Q4 2023

Strategy

Red Oceans, Product Engineering, and Year-End Reckoning

I was wrong about burnout. It wasn't stress that broke me during my big tech career -- it was boredom. The softness, the exercise of restraint as a senior leader, the weak language, the fake morality, the lack of fight. When I reflect on my career, I was most happy when I had competition. So in October I made a 180-degree shift: from the vast blue ocean where I was alone with my craft, into the constrained red oceans full of blood.

The u-turn meant accepting that some of my ideals about a burn-out-free organization weren't applicable for head-to-head competition. Work-life balance for junior engineers should tilt toward work and skill development -- balance is achieved over a lifetime if your finances are disciplined. Do difficult shit, risk burnout, push yourself. Fail to do this, and die with regret.

In November, I wrote the post that defined my competitive stance. Take a look at the Cloud Native Landscape, and realize we have collectively made software harder at greater cost. Every single box in that landscape exists for a good reason -- I can read each one and see how it fits. But at core, there are too many decisions to make when trying to stick anything together. Each decision has related decisions until you need a maps interface to navigate your own product.

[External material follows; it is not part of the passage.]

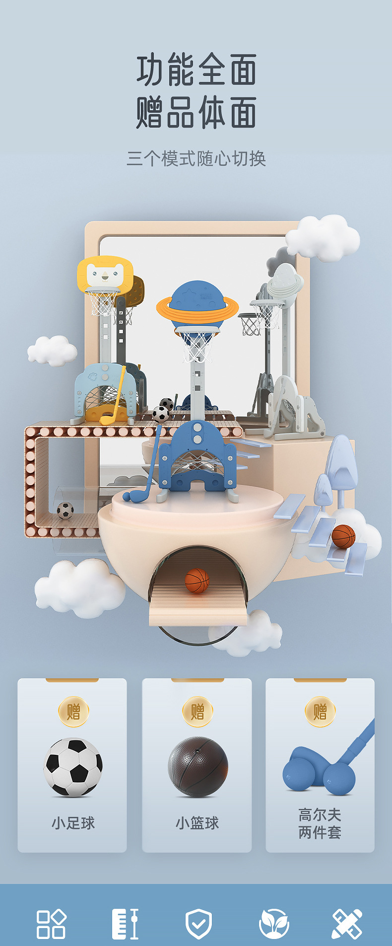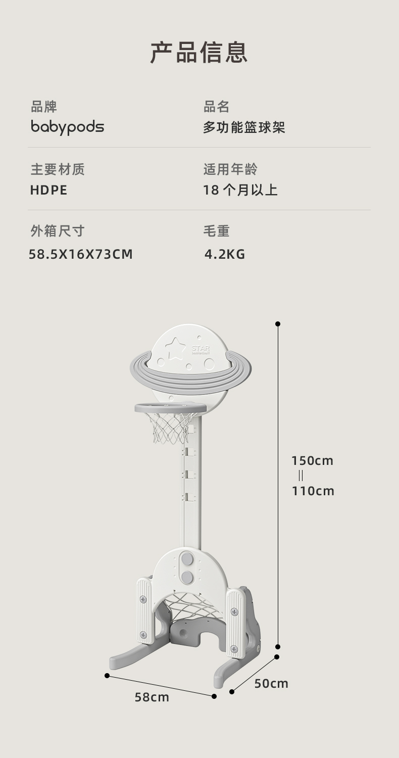 【“爱动宝宝”好礼物】babypods多功能可升降篮球架 「赠三种球」儿童室内家用篮球框 投篮架 篮球/足球/高尔夫 宝宝玩耍不扰民

Adama is a competitor not to any specific box but to the entire landscape. I went through each category: databases (Adama mixes NoSQL architecture with integrated typed queries), streaming and messaging (reactivity is built-in from the get-go, back-pressure compacts updates rather than dropping them), application definition (two files -- an RxHTML forest and an Adama specification -- can build entire web products), CI/CD (a single script pushes to production), service discovery (actors have names, so it's free), security (people are first-class citizens at the language level with privacy built in), and observability (determinism means I can take an actor from production, plop it in my devbox, and poke it).

Maybe learn plumbing because dealing with literal shit is better than this. I'm 100% serious -- I had my main line back up and a basement full of sewage, and cleaning that up was at least satisfying at the end.

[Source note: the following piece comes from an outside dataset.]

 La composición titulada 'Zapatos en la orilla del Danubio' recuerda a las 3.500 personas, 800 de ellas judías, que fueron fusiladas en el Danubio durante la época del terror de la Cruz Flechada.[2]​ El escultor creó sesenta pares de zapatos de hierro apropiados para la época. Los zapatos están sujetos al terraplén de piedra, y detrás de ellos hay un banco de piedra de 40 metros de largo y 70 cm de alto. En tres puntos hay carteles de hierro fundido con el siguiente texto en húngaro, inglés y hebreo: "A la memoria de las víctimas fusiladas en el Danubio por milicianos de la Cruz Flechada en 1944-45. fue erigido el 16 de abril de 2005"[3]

December brought the fractional-CTO-as-a-service reality. I was helping clients build products while trying to innovate on the platform simultaneously, and doing both at once is exceptionally hard. So I took off the innovator hat and focused on the product engineering playbook. The Great Product Cycle: Idea, Product Design, UX Design, HTML/CSS, Frontend Behavior, Backend Read/Write, User Testing, Feedback. Each stage has increasing cost and decreasing freedom. The hardest traversal is the first time because back-pressure prevents getting to any 1.0. You have to make cuts.

The hiring thoughts evolved again. There's a split in my personality between the "code grandpa" who loves coding for its own sake and the competitive warlord who wants to win. The responsible decision was to embrace the warlord to fund the engineering growth. For young engineers, I planned an extremely hard whiteboard process because the whiteboard is fundamentally just an IQ and stress test, and when uncertainty is high, that's what you need. For old war dogs, I wanted finite contracts and the freedom to deliver a body of work, train the staff, and head to the beach for three months.

The "Don't be a React Developer" post captured my frustration reviewing resumes. The mixture of hope and sheer volume of inexperience was overwhelming. My advice: master the browser, not some framework. The browser is the true medium, and everything else is junk in the way. If you want a stable career in frontend, learn the foundational layer that's going to be stable for decades rather than the npm flavor of the month. Going your own way is the most rewarding path. It's also the hardest.

The year-end work log was a monument to what a solo operator can accomplish with discipline. Over 1,000 commits. Connection pooling. Asset caching. Date/time stdlib. Switch statements. Lambda closures. Domain support. Service integrations with Amazon SES, Stripe, Google SSO. The devbox with hot reload, reactive debugger, and language server protocol. Multi-region architecture taking shape. Push notifications. Cron jobs. Bytecode caching on S3 so deployments aren't outages. The search operator. The table event system ("Super Awesome Mode") that reduced reactive compute by over 50%. Mobile support via Capacitor. 6,219 unit tests and 1,027 dashboard metrics.

March had zero commits because I was in an RV at the Grand Canyon. August had 251. That's the rhythm.

Only time will tell if my idea manifests in something or I'm just yet another Don Quixote tilting at windmills. The important thing, in life, is that at the end I can say I tried.